→ **What you should do**: Return exactly the span of lines in the following data that opens with the line containing "Ⅰ. 총괄 www.nie.re.kr" and closes with the line containing "Gerenoveerde 1 slaapkamer". Include nothing else.

→ **Exercise material**:
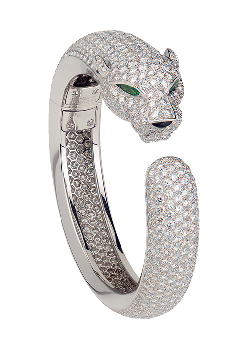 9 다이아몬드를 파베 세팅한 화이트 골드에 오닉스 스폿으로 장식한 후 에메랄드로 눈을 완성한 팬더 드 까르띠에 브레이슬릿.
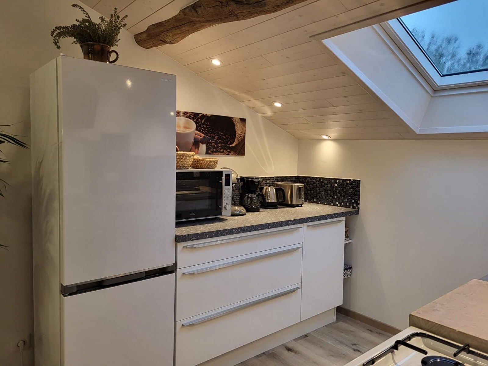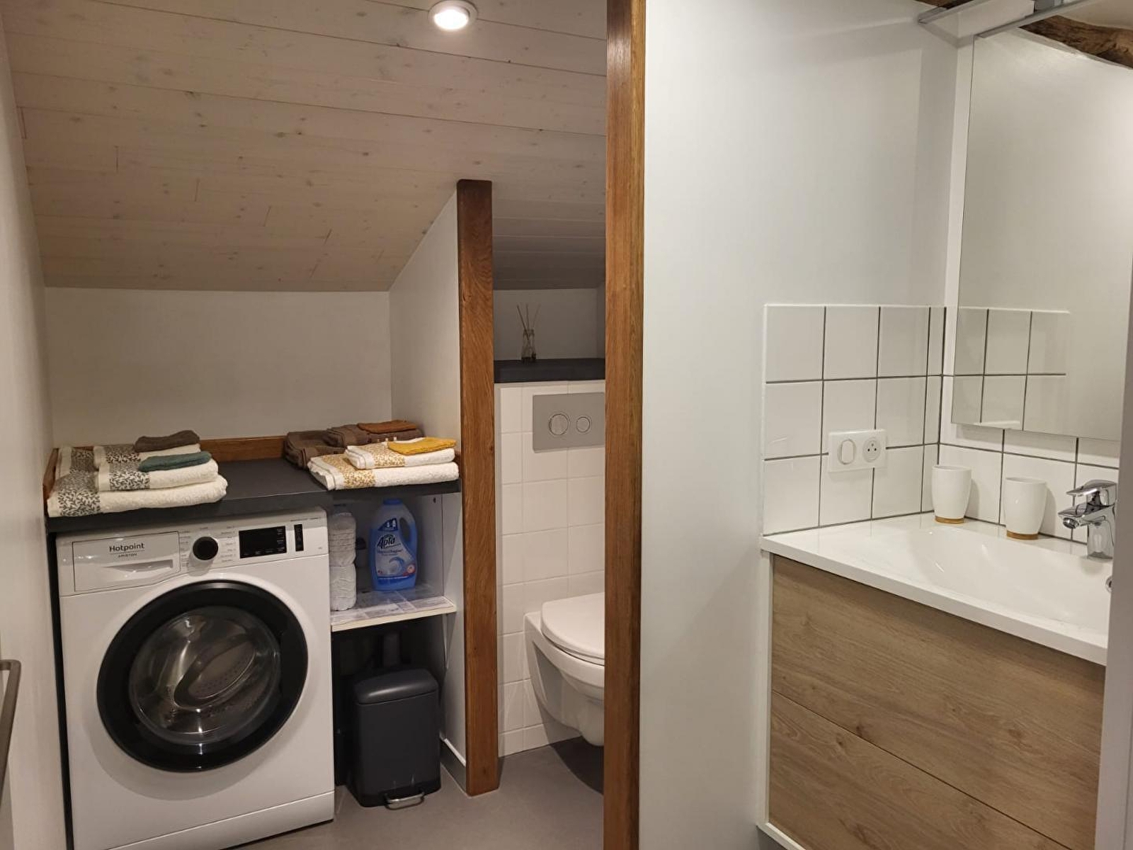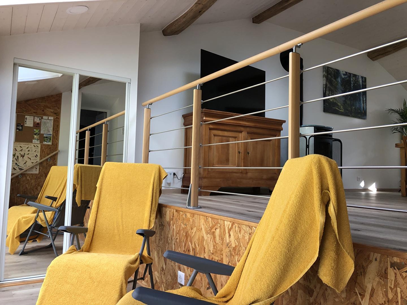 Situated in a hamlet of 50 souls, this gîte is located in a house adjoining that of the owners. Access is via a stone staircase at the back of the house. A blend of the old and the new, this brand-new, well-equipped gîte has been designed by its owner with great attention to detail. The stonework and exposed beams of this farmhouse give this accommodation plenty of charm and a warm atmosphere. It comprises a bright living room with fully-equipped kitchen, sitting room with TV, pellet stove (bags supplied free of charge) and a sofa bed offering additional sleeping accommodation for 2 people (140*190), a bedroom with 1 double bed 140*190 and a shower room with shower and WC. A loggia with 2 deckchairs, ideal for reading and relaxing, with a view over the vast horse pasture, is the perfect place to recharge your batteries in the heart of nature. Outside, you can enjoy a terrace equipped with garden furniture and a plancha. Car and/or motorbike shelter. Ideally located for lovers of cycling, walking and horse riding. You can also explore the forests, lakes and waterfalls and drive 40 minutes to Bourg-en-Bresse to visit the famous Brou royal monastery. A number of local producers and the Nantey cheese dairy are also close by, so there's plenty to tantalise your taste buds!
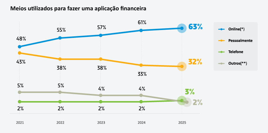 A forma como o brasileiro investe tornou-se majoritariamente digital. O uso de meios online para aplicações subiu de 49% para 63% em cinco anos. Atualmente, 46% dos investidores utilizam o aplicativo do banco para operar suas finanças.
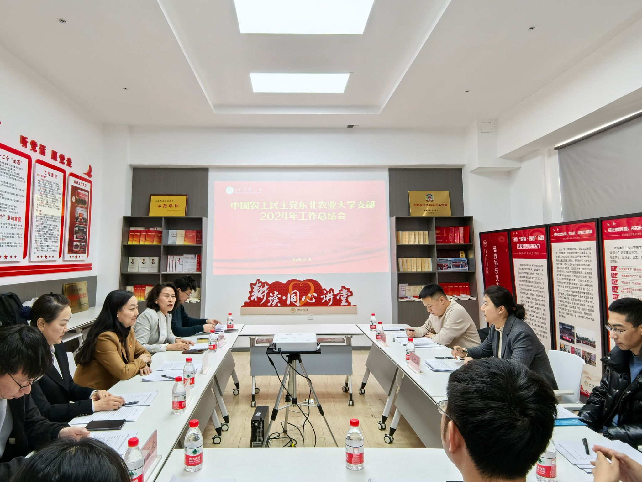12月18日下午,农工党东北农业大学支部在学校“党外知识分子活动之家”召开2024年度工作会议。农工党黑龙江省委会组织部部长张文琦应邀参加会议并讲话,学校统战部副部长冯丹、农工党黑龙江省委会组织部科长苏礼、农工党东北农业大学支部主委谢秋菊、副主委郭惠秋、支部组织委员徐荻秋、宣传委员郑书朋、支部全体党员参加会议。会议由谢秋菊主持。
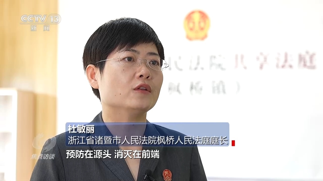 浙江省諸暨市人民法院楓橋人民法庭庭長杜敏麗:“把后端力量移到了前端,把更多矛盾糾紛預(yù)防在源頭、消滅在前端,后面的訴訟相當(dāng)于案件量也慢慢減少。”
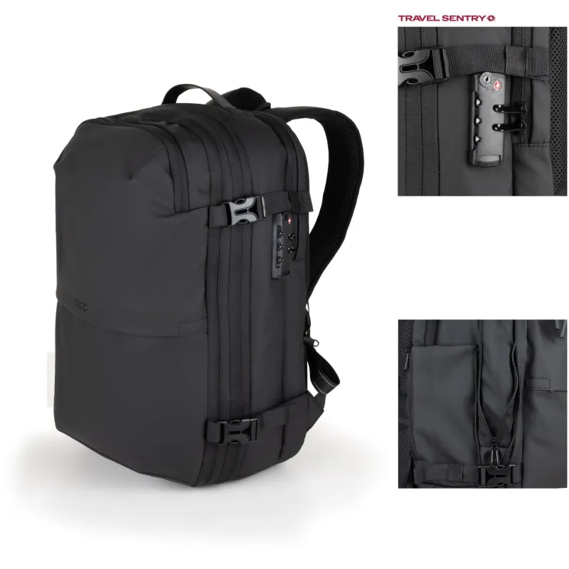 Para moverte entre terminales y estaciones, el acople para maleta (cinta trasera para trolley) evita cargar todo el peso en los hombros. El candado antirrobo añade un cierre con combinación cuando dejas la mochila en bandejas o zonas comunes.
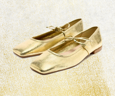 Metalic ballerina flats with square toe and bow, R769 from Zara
...
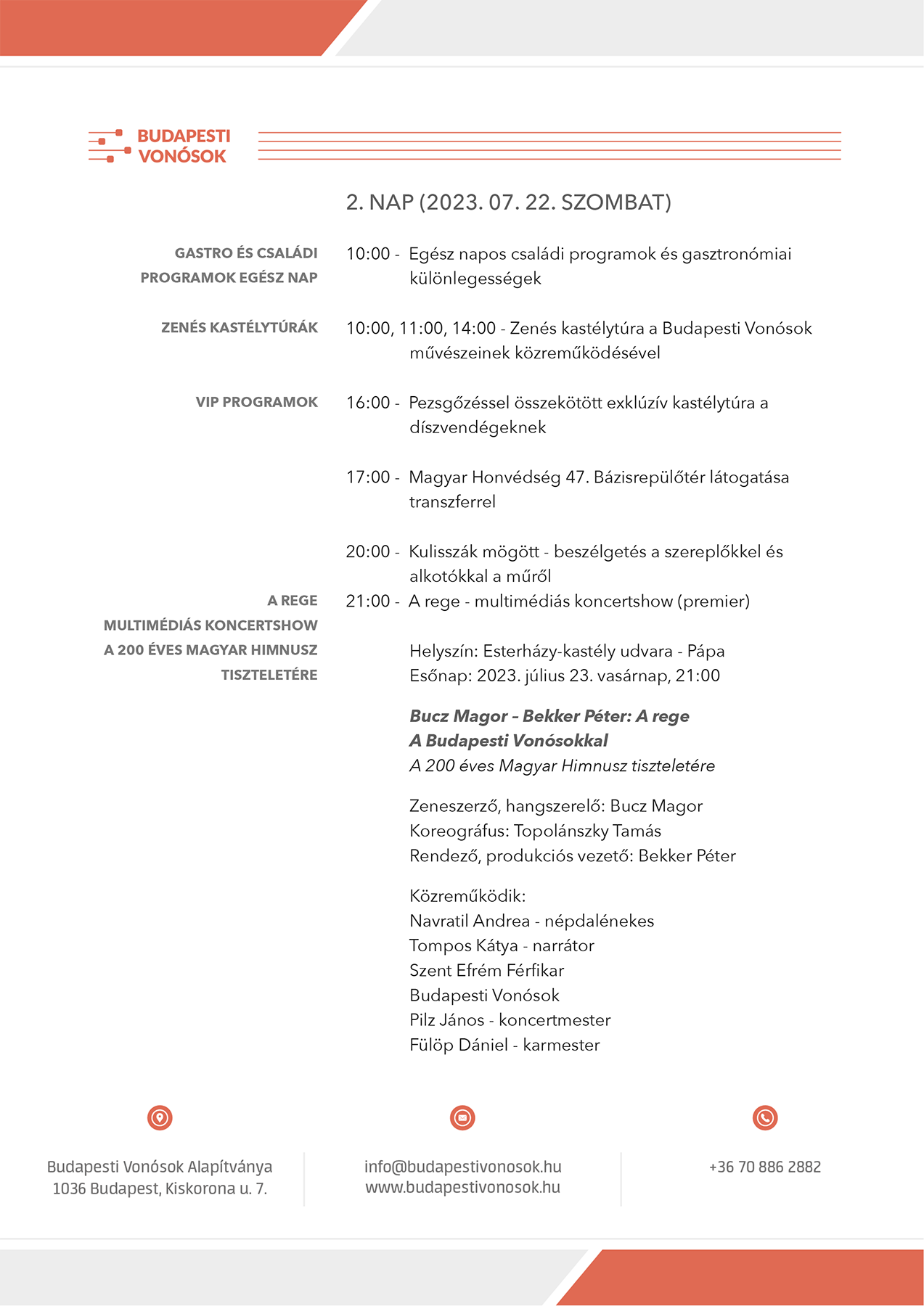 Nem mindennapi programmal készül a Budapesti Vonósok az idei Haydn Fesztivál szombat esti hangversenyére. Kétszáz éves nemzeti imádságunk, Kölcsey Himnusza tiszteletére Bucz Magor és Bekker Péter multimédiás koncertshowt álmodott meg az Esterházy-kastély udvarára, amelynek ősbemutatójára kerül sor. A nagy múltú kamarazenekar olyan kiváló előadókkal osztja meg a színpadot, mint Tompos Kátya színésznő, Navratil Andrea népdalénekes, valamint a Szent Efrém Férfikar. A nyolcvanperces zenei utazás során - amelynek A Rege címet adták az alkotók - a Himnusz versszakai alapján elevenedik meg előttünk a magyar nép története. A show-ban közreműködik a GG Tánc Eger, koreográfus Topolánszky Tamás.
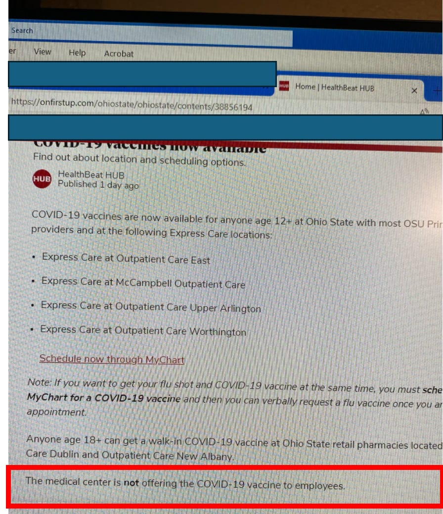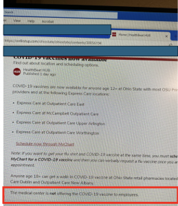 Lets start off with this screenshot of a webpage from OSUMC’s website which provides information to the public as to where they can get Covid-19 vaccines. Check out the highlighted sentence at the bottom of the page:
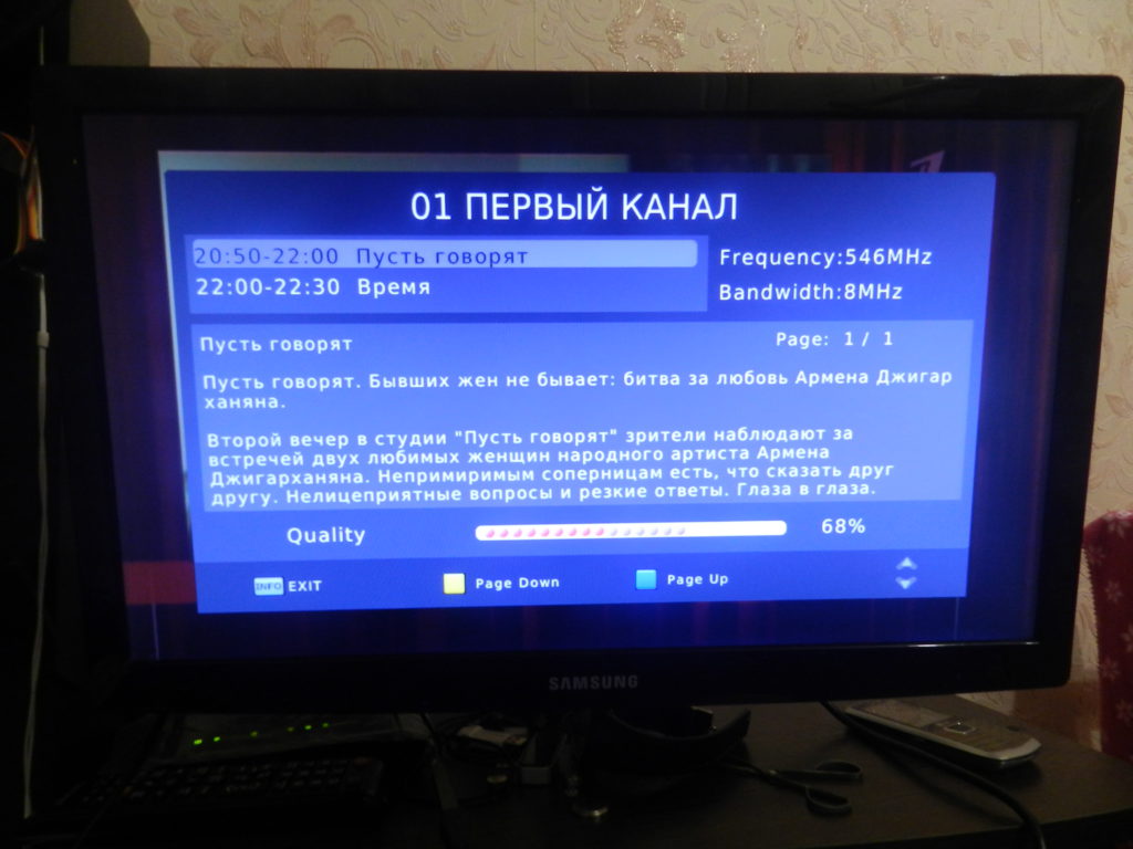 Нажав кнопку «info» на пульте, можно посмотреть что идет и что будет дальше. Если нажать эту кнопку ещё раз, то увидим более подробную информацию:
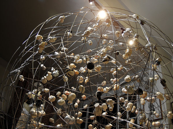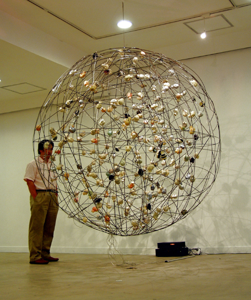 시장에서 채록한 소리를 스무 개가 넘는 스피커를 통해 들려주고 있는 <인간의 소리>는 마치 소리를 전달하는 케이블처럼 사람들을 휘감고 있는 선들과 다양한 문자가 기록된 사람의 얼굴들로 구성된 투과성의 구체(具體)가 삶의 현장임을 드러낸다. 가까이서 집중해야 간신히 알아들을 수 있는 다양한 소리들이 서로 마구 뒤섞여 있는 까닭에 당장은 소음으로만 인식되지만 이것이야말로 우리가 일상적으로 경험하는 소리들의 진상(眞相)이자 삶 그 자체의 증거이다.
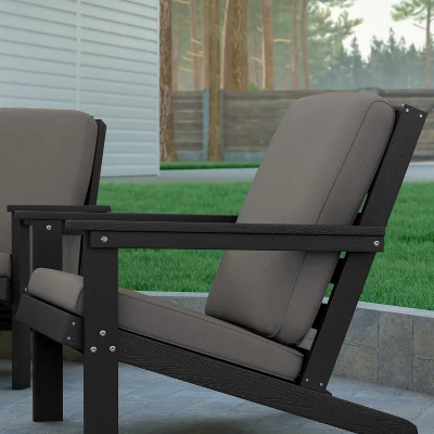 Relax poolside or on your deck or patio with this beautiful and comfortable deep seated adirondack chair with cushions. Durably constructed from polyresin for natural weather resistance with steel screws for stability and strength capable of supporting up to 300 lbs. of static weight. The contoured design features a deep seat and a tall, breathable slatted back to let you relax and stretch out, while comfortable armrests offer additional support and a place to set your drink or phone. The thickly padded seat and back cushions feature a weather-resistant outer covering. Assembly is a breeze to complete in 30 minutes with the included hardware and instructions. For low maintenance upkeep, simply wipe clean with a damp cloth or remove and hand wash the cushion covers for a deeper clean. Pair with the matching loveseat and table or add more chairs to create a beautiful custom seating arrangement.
---
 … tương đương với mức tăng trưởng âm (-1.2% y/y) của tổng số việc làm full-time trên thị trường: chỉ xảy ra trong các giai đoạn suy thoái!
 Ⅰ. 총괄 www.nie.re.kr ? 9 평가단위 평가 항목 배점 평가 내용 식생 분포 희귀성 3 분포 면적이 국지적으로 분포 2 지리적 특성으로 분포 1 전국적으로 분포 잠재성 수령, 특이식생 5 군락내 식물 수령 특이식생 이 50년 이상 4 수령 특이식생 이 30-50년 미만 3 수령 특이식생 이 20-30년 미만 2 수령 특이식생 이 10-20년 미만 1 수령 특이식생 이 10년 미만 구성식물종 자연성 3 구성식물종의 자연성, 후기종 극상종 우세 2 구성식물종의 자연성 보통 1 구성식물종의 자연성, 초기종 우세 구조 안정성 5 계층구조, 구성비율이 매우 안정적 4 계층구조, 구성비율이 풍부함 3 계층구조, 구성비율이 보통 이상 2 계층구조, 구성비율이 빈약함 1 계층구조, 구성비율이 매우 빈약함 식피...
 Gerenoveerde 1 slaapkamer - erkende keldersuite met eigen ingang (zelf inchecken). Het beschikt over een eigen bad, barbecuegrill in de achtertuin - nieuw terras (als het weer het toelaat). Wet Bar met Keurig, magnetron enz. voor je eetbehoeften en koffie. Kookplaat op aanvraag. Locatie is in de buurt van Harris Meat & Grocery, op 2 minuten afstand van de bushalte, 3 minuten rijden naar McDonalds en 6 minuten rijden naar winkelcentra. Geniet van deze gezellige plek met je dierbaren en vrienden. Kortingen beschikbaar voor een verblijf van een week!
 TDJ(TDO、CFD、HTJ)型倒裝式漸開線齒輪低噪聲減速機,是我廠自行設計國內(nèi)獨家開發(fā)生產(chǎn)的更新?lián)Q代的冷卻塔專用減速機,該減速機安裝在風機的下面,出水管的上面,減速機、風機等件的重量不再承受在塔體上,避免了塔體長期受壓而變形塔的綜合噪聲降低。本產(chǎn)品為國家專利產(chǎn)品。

→ **Expected answer**:
 Ⅰ. 총괄 www.nie.re.kr ? 9 평가단위 평가 항목 배점 평가 내용 식생 분포 희귀성 3 분포 면적이 국지적으로 분포 2 지리적 특성으로 분포 1 전국적으로 분포 잠재성 수령, 특이식생 5 군락내 식물 수령 특이식생 이 50년 이상 4 수령 특이식생 이 30-50년 미만 3 수령 특이식생 이 20-30년 미만 2 수령 특이식생 이 10-20년 미만 1 수령 특이식생 이 10년 미만 구성식물종 자연성 3 구성식물종의 자연성, 후기종 극상종 우세 2 구성식물종의 자연성 보통 1 구성식물종의 자연성, 초기종 우세 구조 안정성 5 계층구조, 구성비율이 매우 안정적 4 계층구조, 구성비율이 풍부함 3 계층구조, 구성비율이 보통 이상 2 계층구조, 구성비율이 빈약함 1 계층구조, 구성비율이 매우 빈약함 식피...
 Gerenoveerde 1 slaapkamer - erkende keldersuite met eigen ingang (zelf inchecken). Het beschikt over een eigen bad, barbecuegrill in de achtertuin - nieuw terras (als het weer het toelaat). Wet Bar met Keurig, magnetron enz. voor je eetbehoeften en koffie. Kookplaat op aanvraag. Locatie is in de buurt van Harris Meat & Grocery, op 2 minuten afstand van de bushalte, 3 minuten rijden naar McDonalds en 6 minuten rijden naar winkelcentra. Geniet van deze gezellige plek met je dierbaren en vrienden. Kortingen beschikbaar voor een verblijf van een week!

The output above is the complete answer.